### Extracted material
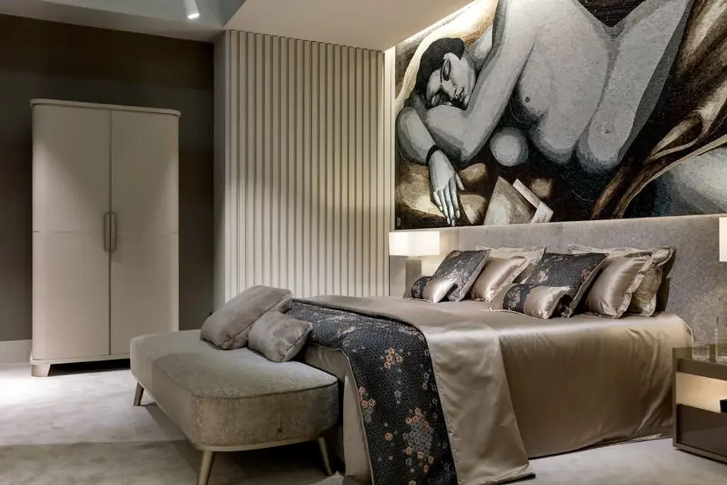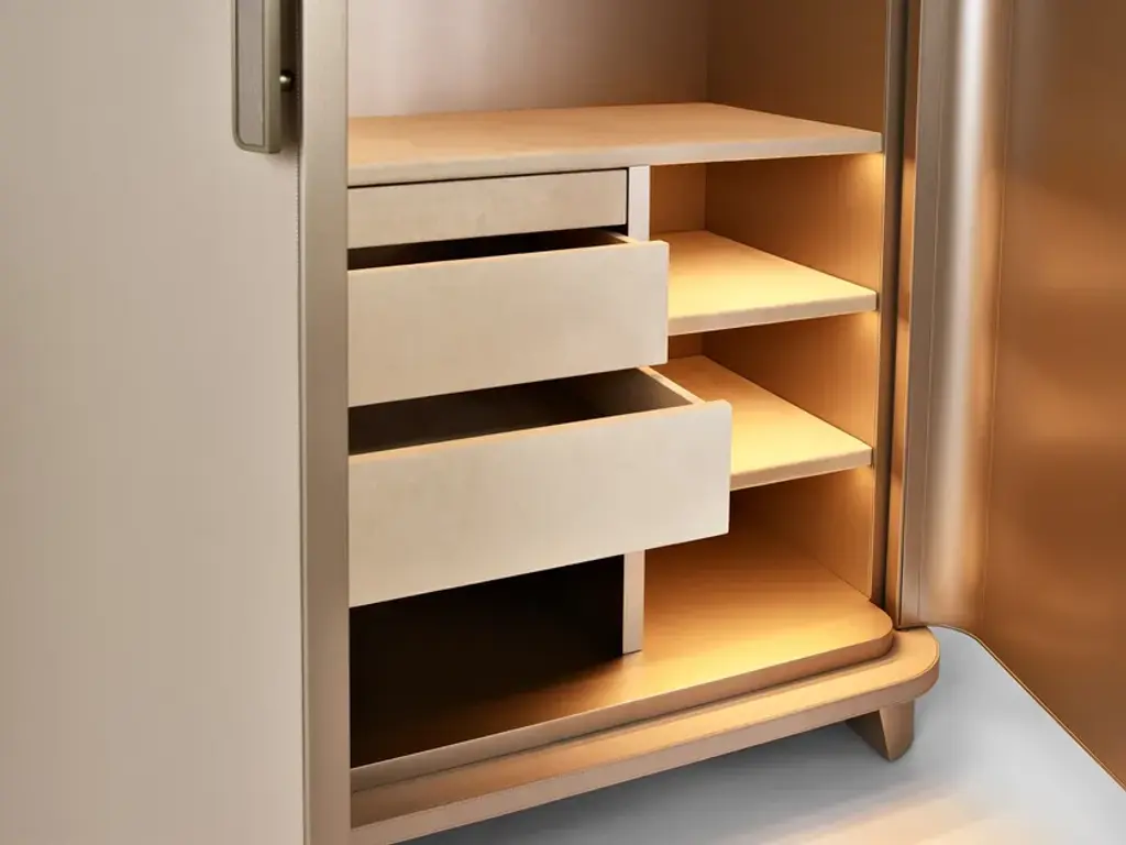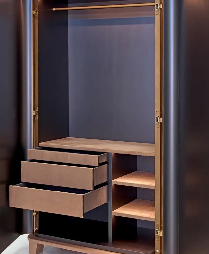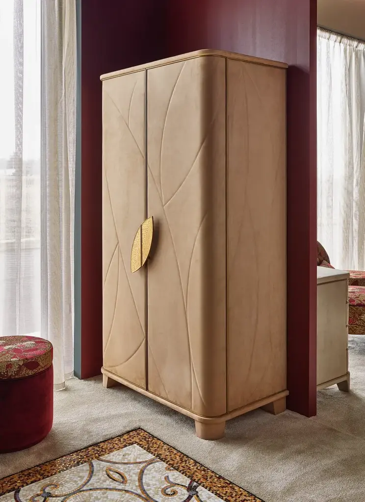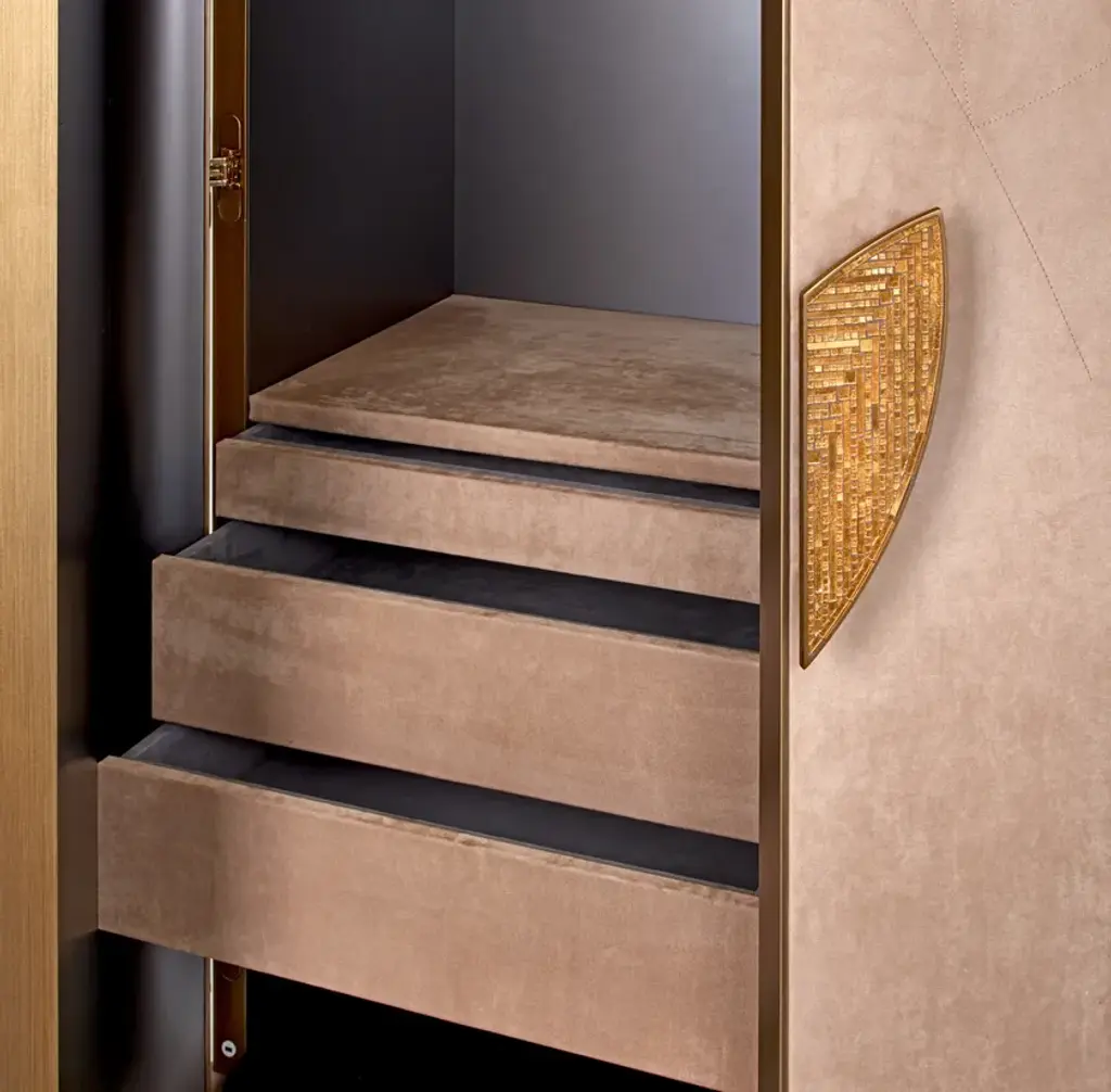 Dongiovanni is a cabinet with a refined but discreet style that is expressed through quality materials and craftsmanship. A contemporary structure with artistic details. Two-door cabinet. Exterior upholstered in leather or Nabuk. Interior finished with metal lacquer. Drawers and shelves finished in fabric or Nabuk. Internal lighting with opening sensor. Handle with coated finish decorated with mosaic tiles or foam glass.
######
### Extracted material
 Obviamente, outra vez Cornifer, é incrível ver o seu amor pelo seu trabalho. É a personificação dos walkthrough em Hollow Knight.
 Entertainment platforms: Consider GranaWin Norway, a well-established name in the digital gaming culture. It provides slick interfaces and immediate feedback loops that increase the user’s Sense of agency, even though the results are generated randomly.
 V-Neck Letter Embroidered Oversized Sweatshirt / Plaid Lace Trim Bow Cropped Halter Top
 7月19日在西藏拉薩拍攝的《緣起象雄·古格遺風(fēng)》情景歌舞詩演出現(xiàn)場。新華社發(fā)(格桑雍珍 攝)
######
### Extracted material
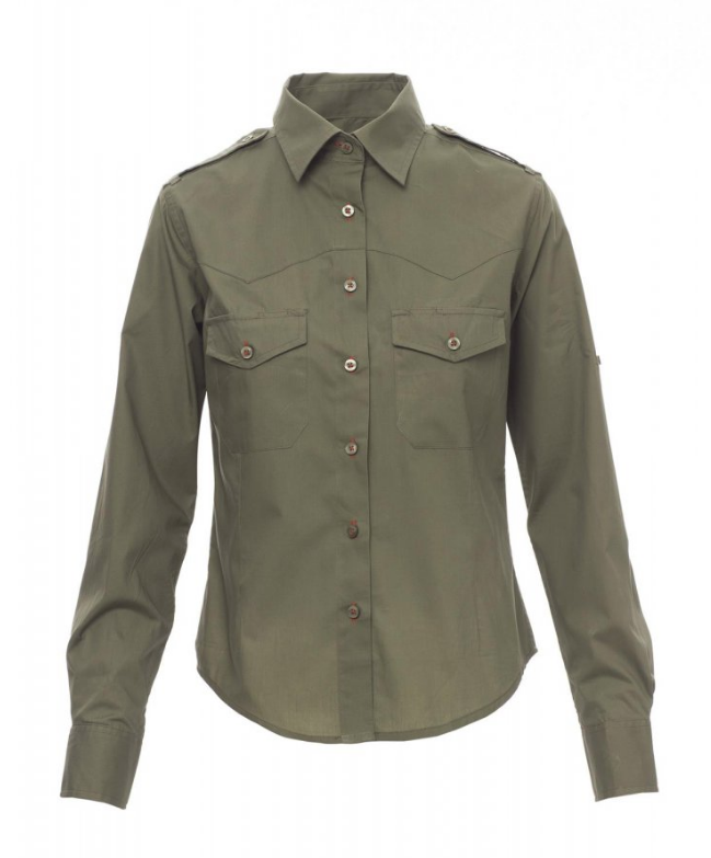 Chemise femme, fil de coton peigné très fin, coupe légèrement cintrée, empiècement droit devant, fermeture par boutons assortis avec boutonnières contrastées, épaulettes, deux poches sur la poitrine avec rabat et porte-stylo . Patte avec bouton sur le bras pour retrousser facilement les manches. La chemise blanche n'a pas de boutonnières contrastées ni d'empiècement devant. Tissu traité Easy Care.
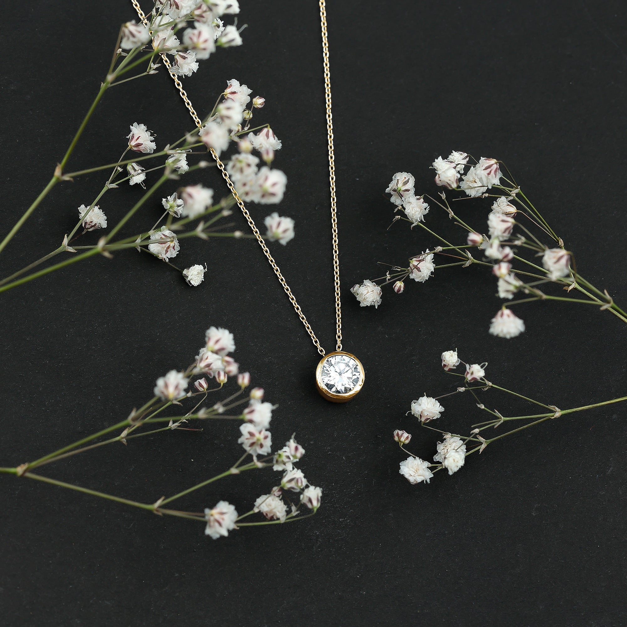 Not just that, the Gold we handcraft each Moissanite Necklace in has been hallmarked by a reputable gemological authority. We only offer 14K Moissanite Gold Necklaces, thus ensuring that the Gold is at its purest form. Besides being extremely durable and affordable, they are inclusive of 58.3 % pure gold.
######
◆ What is required ◆
Reproduce, word for word and in full, only the lines above that start at the line with "Obviamente, outra vez" and run through the line with "V-Neck Letter Embroidered", both ends included.

◆ Exercise response ◆
 Obviamente, outra vez Cornifer, é incrível ver o seu amor pelo seu trabalho. É a personificação dos walkthrough em Hollow Knight.
 Entertainment platforms: Consider GranaWin Norway, a well-established name in the digital gaming culture. It provides slick interfaces and immediate feedback loops that increase the user’s Sense of agency, even though the results are generated randomly.
 V-Neck Letter Embroidered Oversized Sweatshirt / Plaid Lace Trim Bow Cropped Halter Top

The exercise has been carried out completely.